Девушка отвела завороженный взгляд от морщинистого лица гофмановского колдуна и недоверчиво спросила:

– Это точно Его часы?

– О да, мадемуазель! – широко улыбнулся маленький горбун, обнажив редкие зубы. От этой улыбки по спине у М. пробежал холодок – на мгновение старик напомнил ей Мышатого1, серого, длиннорукого, лишенного шерсти, завладевшего в пятилетнем возрасте всеми ее помыслами и ставшего ужасом и любовью ее детства. Это он, Мышатый, или, как еще его называла Марина, Черт, обитавший в комнате Леры на застеленной кровати старшей сестры, передавал ей привет из детства и делал знак, что перед девушкой простирается горизонт бесконечных возможностей. Хозяин лавочки, заметив смятение посетительницы, сверкнул бесцветными глазами Мышатого и с воодушевлением продолжал: – Эти дорожные часы с альманахом и репетиром Наполеон заказал в мастерской Бреге за месяц до своего Египетского похода. Часы проделали с корсиканцем весь его героический путь, он верил, что именно они приносят ему удачу. Бонапарт не расставался с брегетом вплоть до тысяча семьсот девяносто восьмого года. Он потерял часы во время битвы у пирамид, и, хотите верьте, мадемуазель, хотите нет – судьба Бонапарта тотчас же переменилась. Я думаю, вы знаете, как он закончил свои дни.

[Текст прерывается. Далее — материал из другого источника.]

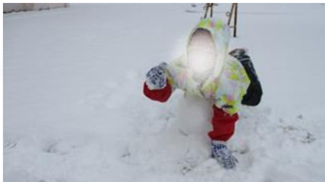
【雪だるまづくりの様子】

雪に親しむ活動として、一人1個の雪だるまを作りました。 雪だるまの大きさや顔などは児童が自由に考えて取り組み、完成した雪だるまを互いに見合うことで、身近な自然を利用して、楽しみながら雪遊びをすることができました。
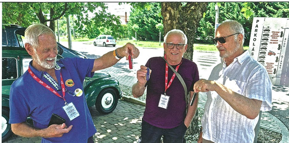
Nincsen svájci svájci bicska nélkül. Itt a méret nem számít

Nagyon vártam már június 14-ét, előző nap bepakoltam mindent a Topolinóba, hogy másnap reggel nyolckor csikorgó kerekekkel kilőhessek Sümegre. A topolinózás olyan, mint a Tisza Szegednél, lassú, ha nem szórakoztatod magad, akkor eseménytelen. Amikor kalandos veteránórázásra gondolok, nem a szerelés a jut eszembe, sokkal inkább a szép táj, kedves emberek, jó kaják. A tervem az volt, hogy a legrövidebb helyett kellően kacskaringós úton jutok el Pomáztól a célig, amennyire lehet, csak dombos-erdős tájakon. Az útvonal Pomáz-Piliscsaba-Zsámbék-Felcsút-
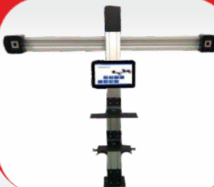
میزان فرمان 3D
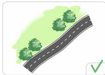
Un module répété le long d'une voie

Le cheminement de l'ancienne voie est souligné par les arbres d'alignements qui sont détachés par endroit du nouveau tracé (par exemple, le long de virages qui ont été modifiés). Pour autant, ces arbres forment un ensemble cohérent, en lien avec l'histoire du lieu. Ils sont donc considérés comme un alignement d'arbres en bonne et due forme.

– Да, знаю, – чуть слышно прошептала ошеломленная девушка. И, все еще не веря в удачу, выдохнула: – Откуда они у вас?

– Принес сын булочницы с улицы Ля Фер, – небрежно откликнулся антиквар. – Все знают, что отец этой уважаемой женщины во время Египетского похода служил при штабе императора и прошел бок о бок с Наполеоном весь его тернистый путь. Сын булочницы говорит, что дед нашел этот брегет в тот самый момент, когда пушечное ядро накрыло его самого и его боевых товарищей. Тяжелое ранение помешало младшему адъютанту вернуть утерянный брегет хозяину, хотя он и знал, чья это вещь. Ну, а потом у доблестного воина императорского войска больше уже не было такой возможности.

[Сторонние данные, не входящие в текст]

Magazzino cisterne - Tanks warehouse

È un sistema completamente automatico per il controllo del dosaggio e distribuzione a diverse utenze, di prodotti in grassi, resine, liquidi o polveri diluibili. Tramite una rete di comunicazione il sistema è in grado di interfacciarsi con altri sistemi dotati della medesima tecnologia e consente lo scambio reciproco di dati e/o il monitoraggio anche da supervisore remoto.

– Зачем же сын булочницы продал вам брегет? – осведомилась Марина, твердо решив, что непременно купит часы у сказочного человечка. – Это же настоящая реликвия!

– О да, мадемуазель, вы совершенно правы! – возбужденно подхватил старик. – Это реликвия, и еще какая! Однако неделю назад старуха умерла, а сын ее совсем не сентиментален, – вздохнул владелец магазина. И, понизив голос, добавил: – Молодой булочник принес часы мне, заявив, что брегет зовет его на подвиги и подбивает покорить мир. Но юноша желает провести жизнь не в боях и сражениях, а в кругу семьи, тем более что в начале апреля он только только женился. Если у мадемуазель есть желание покорить мир, брегет будет ей верным помощником.

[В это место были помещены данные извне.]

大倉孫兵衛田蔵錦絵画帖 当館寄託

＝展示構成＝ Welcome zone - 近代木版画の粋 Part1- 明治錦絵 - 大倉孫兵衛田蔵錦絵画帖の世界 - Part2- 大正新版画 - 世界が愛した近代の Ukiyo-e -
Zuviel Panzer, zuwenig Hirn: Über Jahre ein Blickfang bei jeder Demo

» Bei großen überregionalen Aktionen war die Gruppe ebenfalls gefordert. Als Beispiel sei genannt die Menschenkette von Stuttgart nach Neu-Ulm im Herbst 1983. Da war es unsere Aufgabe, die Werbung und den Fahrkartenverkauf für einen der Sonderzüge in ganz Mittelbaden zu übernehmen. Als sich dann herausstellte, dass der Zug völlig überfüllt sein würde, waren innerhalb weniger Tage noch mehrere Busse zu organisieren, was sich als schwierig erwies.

Наблюдая, как покупательница открывает сумочку, доставая из нее деньги, антиквар учтиво предложил:

– Может, желаете взглянуть на что нибудь еще?

– Благодарю, вы ангельски добры, – откликнулась Марина осипшим от волнения голосом. – Но я, пожалуй, ограничусь брегетом.

Внутри нее все пело: часы самого Наполеона, которые привели корсиканца к славе! Цветаева не сомневалась – ей уготована великая судьба.

Убирая покупку в обшитую бархатом коробку и заворачивая коробку в шуршащую синюю бумагу, месье Жандре мысленно хвалил себя за сообразительность и отличное зрение, позволившее ему издалека рассмотреть выглядывающий сквозь как бы случайно прорвавшуюся упаковку лик Наполеона, изображенный на потрепанном календаре из соседней букинистической лавочки. С букинистом антиквар находился в приятельских отношениях и нередко сам оказывал соседу подобного рода пустяковые услуги. Бизнес держался на доверчивых туристах, и не было ничего зазорного в том, чтобы украсить старинную вещь цветистой легендой, выбрав для этого персонаж, милый сердцу покупателя.

* * *

Городок у нас маленький, и до любого места добираешься на машине за десять минут. На это я и рассчитывала, выходя утром из дома. Одного я не учла – перекрывшего мне дорогу грузовика. Часы показывали без пяти десять, и я старалась на них не смотреть, чтобы не дергаться понапрасну, но глаза помимо воли тянулись к циферблату на приборной доске. Опоздать на планерку в газете, где я работаю, равнозначно преступлению, Людмила Викторовна такого не прощает. Наш главный редактор мило улыбнется, с понимающим видом выслушает оправдания и даст такое задание, что только держись. Хорошо, если отправит беседовать с представителем управляющей компании выяснять причину перебоев с отоплением на улице Чкалова, а то и того хуже – пошлет в Банный лес составлять ежедневный отчет о том, как протекает месячник по уборке мусора среди предприятий города. Главный печатный орган Лесного городка должен освещать все городские события, и кому то необходимо разгребать авгиевы конюшни муниципальных проблем, поэтому неприятная работа ложится на плечи самых нерадивых сотрудников. А кто у начальства считается нерадивым? Правильно, тот, кто опаздывает.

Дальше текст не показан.